An Introduction to Toby Martinez de la Rivas by Shane McCrae


 
 
I first read this batch of Toby Martinez de las Rivas’ poems at a large, outdoor shopping mall in northeast Ohio—before moving to Ohio, I had never seen a mall like this mall (and, as a person who was a teen in the 90s, I am a connoisseur of malls, although I feel the greatest affection for dead ones)—designed to look like the downtown of small city. I started reading on a bench, under the shade of a beach umbrella, next to the side entrance of the Barnes & Noble, and I finished in the alcove of the Trader Joe’s, between one automatic door and another. Though I sat in the shade, the perfectly flat-faced, color-coordinated buildings surrounding me were supersaturated by sunlight and glinting—sweating light—when I read the first line of the first poem: “In my kingdom it is winter forever.” And then I was nowhere.

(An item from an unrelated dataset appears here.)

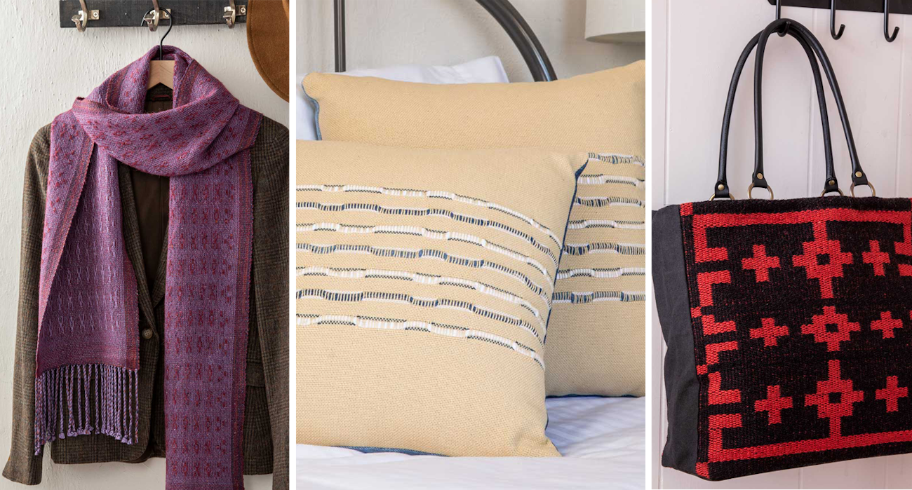 Twill-free handwovens! From left, Robin Monogue's Taste of Sonoma Scarf in barleycorn; Rebecca Fox‘s Dizzy Drones Honeycomb Pillow made using retired jeans; and Annette Swan Schipf‘s Taqueté All Day tote.

Martinez de las Rivas’ poems are very particularly English, though the eye that sees the things that make their way into the poems strikes me as, to some degree, more broadly European. And so, in part because they are located somewhere largely unfamiliar to me, and more significantly because they seem not to come to that place to describe it, but read instead as if they arose from that place to speak it, they dislocate me. Occasionally, I plug in my hazy memories from an undergraduate January in the U.K. to some effect, but for the most part, reading these poems, I can be neither where they are, nor where I am. But, as I said above, I do not think this is entirely, or even mostly, because I do not know English geography all that well. Rather, I believe these poems dislocate because they themselves seem dislocated—they are thinking chunks of the land set loose:

          Shadows flicker in the slipstream of our eyes –
          it is ourselves we nearly catch blowing
          from the bough, held for a moment by the breeze,
          then – whoosh! – the furnace of late summer
          is crackling again with thin gold leaves,
          scrub oaks wince from hills where earth turns
          the colour of wine, stone bares its selves,
          egrets with thin legs trailing like anchor ropes
          stall through heaven with a sail’s inertia.

How can I be anywhere but where such poetry is? And that poetry is located nowhere, but is itself the place described—no landscape could match it, because to match it, the landscape would first need to be separated from it. Wherever I read Martinez de las Rivas’ poems, I read them nowhere. But, of course, the opposite is also true: They are the world wherever I read them.